To whom much is given, as the saying goes, much is expected.
As far as the Nigerian judiciary is concerned, however, the question among stakeholders in the independence of the judiciary as an arm of government and, more importantly, as a guarantor of democratic governance, is WHAT exactly is being given, how much of it, and what is being demanded of the judiciary in return.
That was the question that agitated the minds of participants at a panel discourse during the annual conference of the Nigerian Bar Association’s Section on Legal Practice in Uyo, the Akwa Ibom State capital. Chaired by E. C. Ukala, SAN, Principal Partner at the law firm of EC Ukala & Co., the panel pondered over the issue of what the judiciary would do with its new-found autonomy in a manner that vastly enhances the administration of justice in Nigeria.
Setting the ball rolling, Hon. Justice Benedict B. Kanyip, President of the National Industrial Court, sought to make the often-overlooked distinction between autonomy and independence, stressing that the two concepts are not one and the same thing.
The more consequential issue of independence, he added, is not without the need for accountability on the part of the judiciary, but this independence must be meaningful and substantial in the long run. That, he insisted, is not the situation at present.
In fact, he said, the judiciary is to some extent, already financially autonomous, even if that comes with all manner of shackles that inhibit its ability to deliver fully on its mandate.
He remarked on the expenditure threshold instituted by the administration of former President Olusegun Obasanjo, which is still extant, as an example of the judiciary’s lack of independence.
Also speaking, Dr. Babatunde Ajibade, SAN, Chairman of the NBA’s Judiciary Committee, was far more concerned with the role of the legislature as a mediator of sorts between the executive and the judiciary, two arms of government whose relationship seems more adversarial than complementary.
By virtue of its unique lawmaking powers, said the learned silk, the legislature can use the opportunity of the current constitution amendment exercise to speed along the process that culminates in the true independence of the judiciary.
Far from needing another amendment or review, which in his view, will be largely cosmetic in the long run, however, Dr. Ajibade called for a total overhaul of the document and its provision.

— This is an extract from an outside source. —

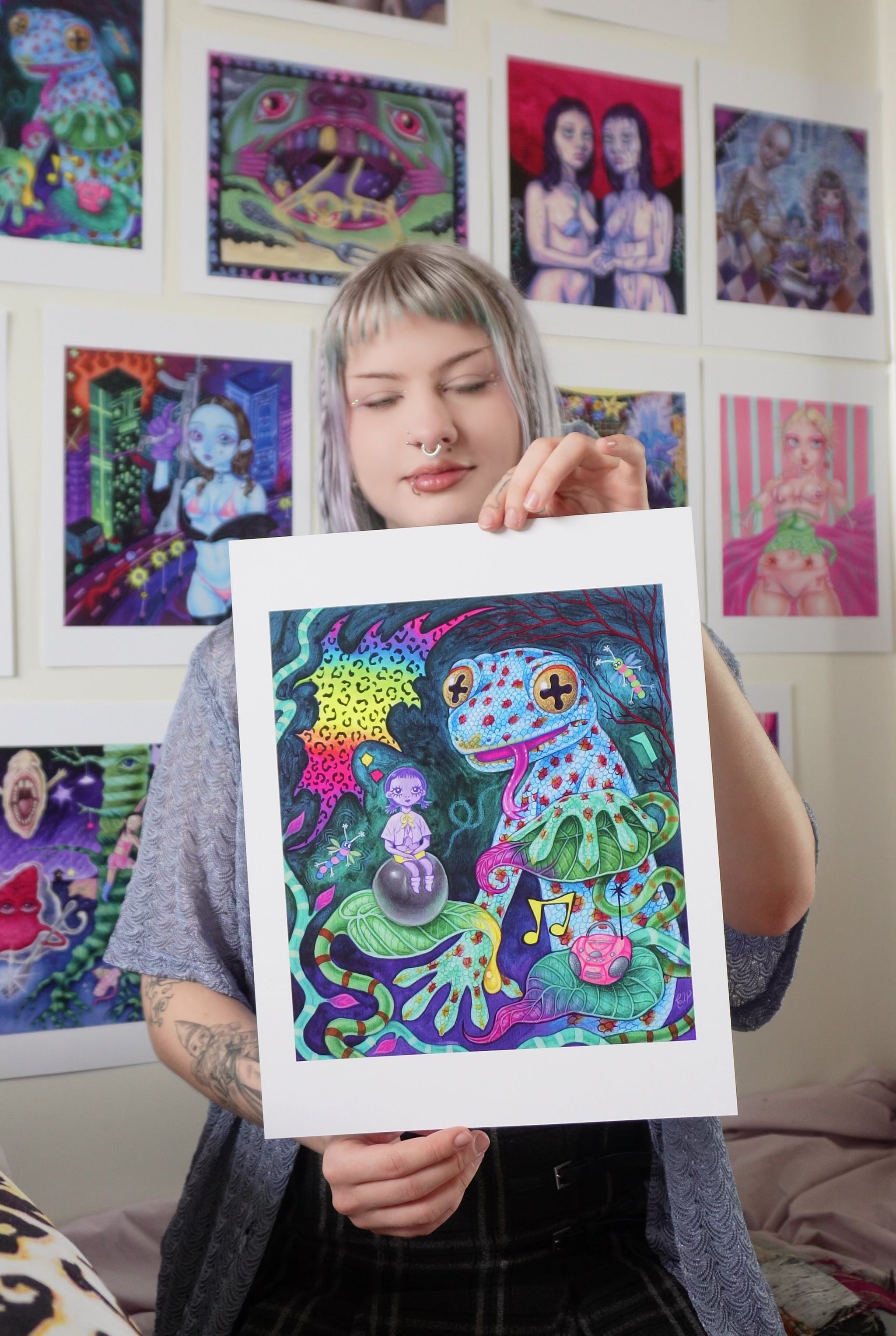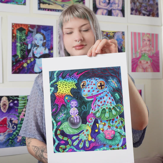 Available in sizes 5 x 7", 8 x 10", and 11 x 14", on thick 300gsm glossy paper. High quality and colour matched to the original artwork, including a hand written Artist statement printed on the back of each print, as well as individually hand signed with love. Discover what the backing describes upon my beloved prints arrival. Listen to “Le Rock” by S3RL.

He also decried the equally sad tendency of some in the judiciary, in their demand for a disproportionate amount of the nation’s financial resources in the name of autonomy, to compare its allocation with what the executive arm is ‘chopping’. Governance, he said, should not be reduced to a ‘chopping’ contest (to see who ‘out-chops’ whom!) neither should it be measured by the number of armed security a Judge has relative to, say, a Governor – when what is needed is an equally total overhaul of the nation’s security strategy.

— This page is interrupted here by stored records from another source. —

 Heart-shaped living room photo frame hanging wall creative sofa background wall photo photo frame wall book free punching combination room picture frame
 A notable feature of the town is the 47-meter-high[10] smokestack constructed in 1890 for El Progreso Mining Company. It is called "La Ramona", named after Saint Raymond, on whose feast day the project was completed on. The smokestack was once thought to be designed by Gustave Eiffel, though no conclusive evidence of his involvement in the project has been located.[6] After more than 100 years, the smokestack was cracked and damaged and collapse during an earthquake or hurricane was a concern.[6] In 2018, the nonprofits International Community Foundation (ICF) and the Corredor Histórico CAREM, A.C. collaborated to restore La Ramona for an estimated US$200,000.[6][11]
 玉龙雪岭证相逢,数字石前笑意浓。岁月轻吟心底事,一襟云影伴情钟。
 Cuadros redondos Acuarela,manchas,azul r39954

On the issue of provision of amenities to the judiciary by the executive, and what this implies for the independence of the former, the learned silk called, instead, for a statutory government such as America’s General Services Administration (GSA) to assume that role on behalf of ALL the arms of government.
Speaking from the perspective of the legislature, Hon. Onofiok Luke, who chairs the House of Representatives on the Judiciary, lamented what he called the ‘tendency’ of the executive to control the affairs of not just the judiciary but also the legislature.

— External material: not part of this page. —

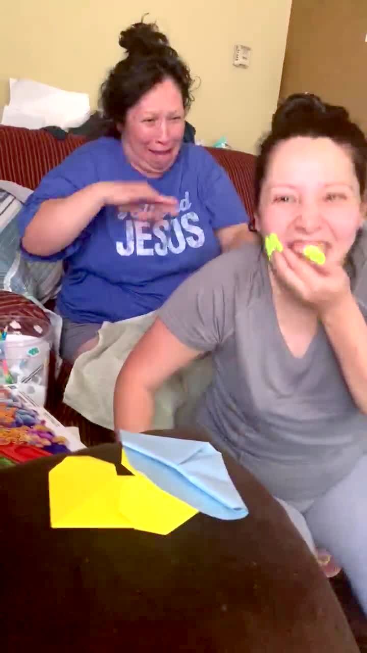 A woman bites a piece of pasta in her mouth when her mother cracks her neck. The woman screams when she thinks she hurt her daughter who rolls on the living room floor and laughs.
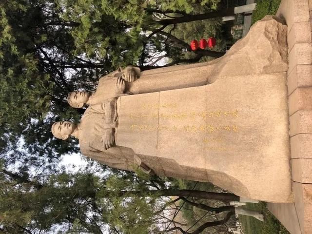 济南五龙潭公园广场上,一座4米多高的花岗岩石雕像掩映在苍松之间,这就是革命先驱王尽美和邓恩铭的雕像。

For example, he said, the long-standing practice by the executive to vet the budget of the judiciary and approve much should be allocated to it in the overall national budget before presenting it the national assembly for approval, is an anomaly; it is not the duty of the executive to vet the budget proposal of another arm of government, but rather the duty of the legislature in its oversight capacity over the other two arms, to approve the budgets of both the judiciary and the executive. Hon. Luke agreed with Justice Kanyip in questioning the independence of the judiciary, citing the fact that the judiciary depends on the executive to provide security, housing and official cars for it.
He compared the lone policeman and security vehicle attached to a typical Judge in Nigeria to the massive convoys and panoply of well-armed officers as an example of this disparity.
On her part, the retired Justice OA Williams of the Institute of Paralegal Services, called attention to the role of the Bar in supporting the quest for judicial independence, and went on to enumerate the ways in which the NBA could play this role effectively.
Both she and Jonathan Taidi Esq. the immediate past General Secretary of the NBA, who spoke next, sought to downplay the importance of the current amendment exercise in enhancing the judiciary’s ability to deliver timely justice within the confines of its present powers.
The judiciary does not need another amendment exercise, in the view of Taidi, to fully execute powers it already has, but is not deploying to the maximum. The United Kingdom’s constitution, Justice Williams reminded the House, is, after all, largely unwritten but is no less potent in its effect on the polity.
In summary, the panel agreed with Justice Kanyip of the NIC that this discourse, though ongoing, ought to have as its ultimate result the attainment, not just of financial autonomy in its truest and most sublime sense, but a judicial institution unfettered by nothing but the provisions of the law. Whether or not the constitutional amendment exercise will see to that remains to be seen.